The availability was spectacular. I realized the turnout was subdued etc. right away. Hopefully the "every other year thing" works out. I had anticipated a great deal of other hobbies would be represented, i.e. orchids, planted tanks, even reptiles. After all, the concept was "Life Under Glass". Perhaps a bit more solicitation of the those communities is in order? I had a lot of fun nonetheless, and did spend a great deal of money JVK


----------



## skylsdale (Sep 16, 2007)

It's good to hear folks liked the show: we received a lot of positive feedback about what was there, who was represented, etc...but realize that yes, money-wise it could definitely do better.

While planning the event and trying to get other hobbies/interests involved, we heard from numerous parties that this was an event that had simply not been done or attempted before. Many folks were interested, but also hesitant to get involved because it was, in fact, the very first time to try such an event. Were we to do another one, I think they would be more likely to sign on (and, hindsight being 20/20, we're now aware of a few key marketing details that we weren't aware of the first time around which would DEFINITELY boost foot traffic).

One of the greatest difficulties was actually trying to connect and work with other hobbies--each hobby has its own community and relationships and culture, and a "frog group" inviting them to participate in an event often appears as a random cold call, so to speak. They have their annual and regional events as well, and so a new event with a hobby and group they are unfamiliar with can be a difficult sell. In the future (again, if we do it again) we would like to have folks on the planning committee who are more plugged in and involved with some of these other hobbies and interests who can help bring some of those hobbyists and groups/societies in.

Also, we aren't just looking for ANY "glass box" hobbies. One of the themes of Microcosm was appreciation for natural history and the organisms we keep in this glass microcosms...so there are some aspects of some hobbies that just don't mesh well. Many who would fit well with such a show are more the niche hobbies within hobbies (killifish hobbyists, species orchid hobbyists, obscure gecko and anole hobbyists, Nepenthes growers, etc.). And again, these communities are relatively small compared to the herp and/or orchid hobbies in general, and it would help to have previous relationships and ties with some of those communities.

We also need to keep in mind that another major theme for the event was conservation and responsible captive husbandry...and this was a theme that a lot of the participants (especially from outside the PDF hobby) said they had never seen have such a strong presence at a show. So although it consists of hobbyists, folks putting the event together would need to realize it's not just about "what can I get" but also how we can increase our awareness of the greater macrocosm that we use as inspiration in creating our microcosms.
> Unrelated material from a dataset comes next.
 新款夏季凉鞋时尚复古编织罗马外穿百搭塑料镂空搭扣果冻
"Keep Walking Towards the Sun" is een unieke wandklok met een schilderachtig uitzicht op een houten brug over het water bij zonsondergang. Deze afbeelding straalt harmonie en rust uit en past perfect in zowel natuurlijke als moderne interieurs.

So we would need planners who understand the importance of the presence and weaving together of all these themes in order to create such a unique event.
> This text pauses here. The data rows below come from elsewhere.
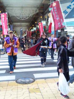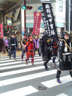 そして、なぜだか武将隊が登場。 誇らしげに、しかし呆然としてる間に、あっという間に通り過ぎていきました〜。 戦国ブーム?なのかな? いやはや、 びっくりの出来事でした。
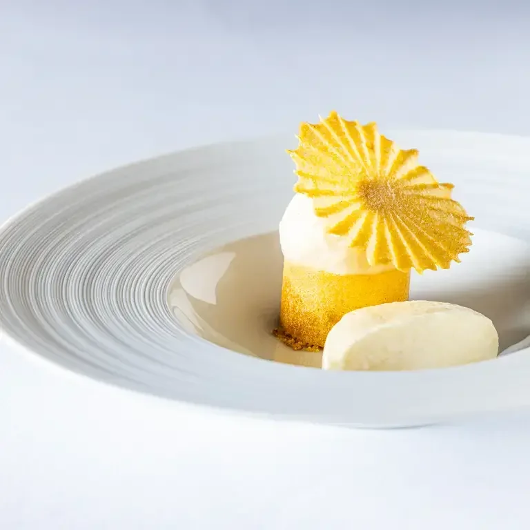 L’expérience sucrée n’est pas en reste grâce à l’indéniable talent de la cheffe pâtissière Sae Hasegawa. Fine technicienne, elle surprend avec des desserts subtils où le légume se fait délicatesse, à l’image de son travail tout en nuance autour du panais ou du salsifis.
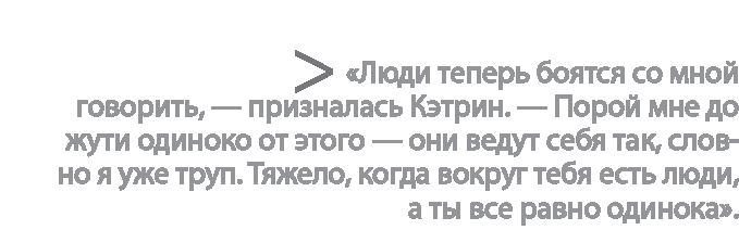 «Люди теперь боятся со мной говорить, – призналась Кэтрин. – Порой мне до жути одиноко от этого – они ведут себя так, словно я уже труп. Тяжело, когда вокруг тебя есть люди, а ты все равно одинока».
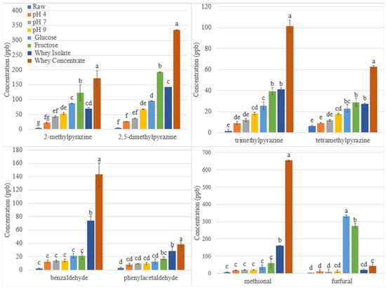 Whey protein isolate and concentrate increased the pyrazines and Strecker aldehydes more than the reducing sugar and pH, thus increasing the desirable aromas. Furfural increased significantly only for the reducing sugar treatment.

I talked briefly with someone a couple weeks ago who might be interested in helping plan the event, and it would most likely be held in a location (if not in the PNW) where a lot of these hobbies/communities overlap and converge. If you would at all be interested in possibly helping make another Microcosm a reality (which I would love to see), please feel free to contact me and let's see where the conversation goes.


----------



## frogparty (Dec 27, 2007)

I would have signed up as a plant vendor for orchids last time, but you guys were hoping to get Andys orchids or Ecuagenera, and by the time I heard they werent comng I didnt have enough time to get a bunch of plants together. Maybe next time


----------



## fleshfrombone (Jun 15, 2008)

frogparty said:


> I would have signed up as a plant vendor for orchids last time, but you guys were hoping to get Andys orchids or Ecuagenera, and by the time I heard they werent comng I didnt have enough time to get a bunch of plants together. Maybe next time


Jason, if you end up vending please let me know in advance. Next year I plan to drop at least a few hundred. I didn't see any grannies or retics that I recall but the species that were represented were awesome. A few that really stuck out for me was what Darren, Eric, and Adam were offering.


----------



## Scott (Feb 17, 2004)

The last legitimate IAD had a rough time of it as well.

There were Quinqs there, when this was still a tough to find frog, at very reasonable prices - that didn't sell at all. It was quite frustrating.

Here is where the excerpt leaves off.